(Given entries Opens)

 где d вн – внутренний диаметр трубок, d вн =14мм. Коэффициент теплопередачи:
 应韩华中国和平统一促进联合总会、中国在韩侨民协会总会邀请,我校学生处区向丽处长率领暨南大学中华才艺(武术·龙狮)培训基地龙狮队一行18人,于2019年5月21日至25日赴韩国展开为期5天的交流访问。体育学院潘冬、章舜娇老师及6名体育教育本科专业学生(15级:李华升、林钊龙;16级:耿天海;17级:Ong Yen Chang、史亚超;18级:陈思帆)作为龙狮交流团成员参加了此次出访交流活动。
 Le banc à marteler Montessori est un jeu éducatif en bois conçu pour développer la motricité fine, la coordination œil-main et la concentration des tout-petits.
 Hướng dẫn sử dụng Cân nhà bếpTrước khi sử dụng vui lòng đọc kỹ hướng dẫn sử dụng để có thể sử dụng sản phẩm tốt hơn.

(Given entries Closes)
(Given entries Opens)

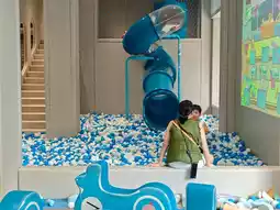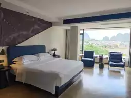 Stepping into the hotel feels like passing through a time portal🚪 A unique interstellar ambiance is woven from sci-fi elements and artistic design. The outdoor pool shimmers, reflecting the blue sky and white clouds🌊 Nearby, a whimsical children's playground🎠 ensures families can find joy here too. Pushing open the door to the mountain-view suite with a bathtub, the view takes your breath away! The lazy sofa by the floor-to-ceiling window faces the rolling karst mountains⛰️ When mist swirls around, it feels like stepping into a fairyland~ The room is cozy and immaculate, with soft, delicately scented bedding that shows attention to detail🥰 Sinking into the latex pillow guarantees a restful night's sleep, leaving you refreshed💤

(Given entries Closes)

* **Your objective**
An exact copy of the lines above, from the one containing "где d вн – внутренний" down to the one containing "Hướng dẫn sử dụng Cân" and including both, is the whole answer; retype it and nothing else.

* **Exercise result**
 где d вн – внутренний диаметр трубок, d вн =14мм. Коэффициент теплопередачи:
 应韩华中国和平统一促进联合总会、中国在韩侨民协会总会邀请,我校学生处区向丽处长率领暨南大学中华才艺(武术·龙狮)培训基地龙狮队一行18人,于2019年5月21日至25日赴韩国展开为期5天的交流访问。体育学院潘冬、章舜娇老师及6名体育教育本科专业学生(15级:李华升、林钊龙;16级:耿天海;17级:Ong Yen Chang、史亚超;18级:陈思帆)作为龙狮交流团成员参加了此次出访交流活动。
 Le banc à marteler Montessori est un jeu éducatif en bois conçu pour développer la motricité fine, la coordination œil-main et la concentration des tout-petits.
 Hướng dẫn sử dụng Cân nhà bếpTrước khi sử dụng vui lòng đọc kỹ hướng dẫn sử dụng để có thể sử dụng sản phẩm tốt hơn.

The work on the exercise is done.